▸ **WHAT YOU WILL DO**
Below are some records; quote exactly the lines from the one that contains "Una imagen de" through the one that contains "ROC curves of", inclusive, and no others.

▸ **DATA FOR THIS EXERCISE**
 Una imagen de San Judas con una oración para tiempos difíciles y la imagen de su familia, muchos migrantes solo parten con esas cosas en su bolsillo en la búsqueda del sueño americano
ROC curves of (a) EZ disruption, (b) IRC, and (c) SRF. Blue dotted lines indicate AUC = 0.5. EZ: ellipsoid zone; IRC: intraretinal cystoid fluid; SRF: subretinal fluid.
--
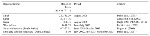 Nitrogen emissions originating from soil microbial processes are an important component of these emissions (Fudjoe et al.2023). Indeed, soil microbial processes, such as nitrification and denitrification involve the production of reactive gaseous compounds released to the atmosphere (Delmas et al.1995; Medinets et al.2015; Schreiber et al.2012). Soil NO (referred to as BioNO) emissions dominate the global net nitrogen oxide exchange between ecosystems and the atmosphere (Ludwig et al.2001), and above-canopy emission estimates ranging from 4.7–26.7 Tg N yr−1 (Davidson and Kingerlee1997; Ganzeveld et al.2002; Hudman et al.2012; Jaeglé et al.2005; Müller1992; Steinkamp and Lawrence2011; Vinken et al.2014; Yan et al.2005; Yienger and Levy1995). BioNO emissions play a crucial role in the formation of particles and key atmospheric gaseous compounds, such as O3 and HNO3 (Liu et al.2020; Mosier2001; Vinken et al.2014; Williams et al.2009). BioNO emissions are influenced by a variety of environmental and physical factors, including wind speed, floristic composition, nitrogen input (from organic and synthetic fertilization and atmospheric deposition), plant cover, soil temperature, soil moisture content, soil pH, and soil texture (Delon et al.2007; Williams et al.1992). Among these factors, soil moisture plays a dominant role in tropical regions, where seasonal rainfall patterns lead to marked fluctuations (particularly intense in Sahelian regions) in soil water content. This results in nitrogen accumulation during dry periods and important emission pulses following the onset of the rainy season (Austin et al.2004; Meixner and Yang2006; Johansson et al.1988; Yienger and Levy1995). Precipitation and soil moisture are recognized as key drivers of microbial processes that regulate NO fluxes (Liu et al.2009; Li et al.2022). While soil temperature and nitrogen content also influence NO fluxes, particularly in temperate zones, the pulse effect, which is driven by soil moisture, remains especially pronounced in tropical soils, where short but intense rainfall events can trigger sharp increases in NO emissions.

▸ **RESULT**
 Una imagen de San Judas con una oración para tiempos difíciles y la imagen de su familia, muchos migrantes solo parten con esas cosas en su bolsillo en la búsqueda del sueño americano
ROC curves of (a) EZ disruption, (b) IRC, and (c) SRF. Blue dotted lines indicate AUC = 0.5. EZ: ellipsoid zone; IRC: intraretinal cystoid fluid; SRF: subretinal fluid.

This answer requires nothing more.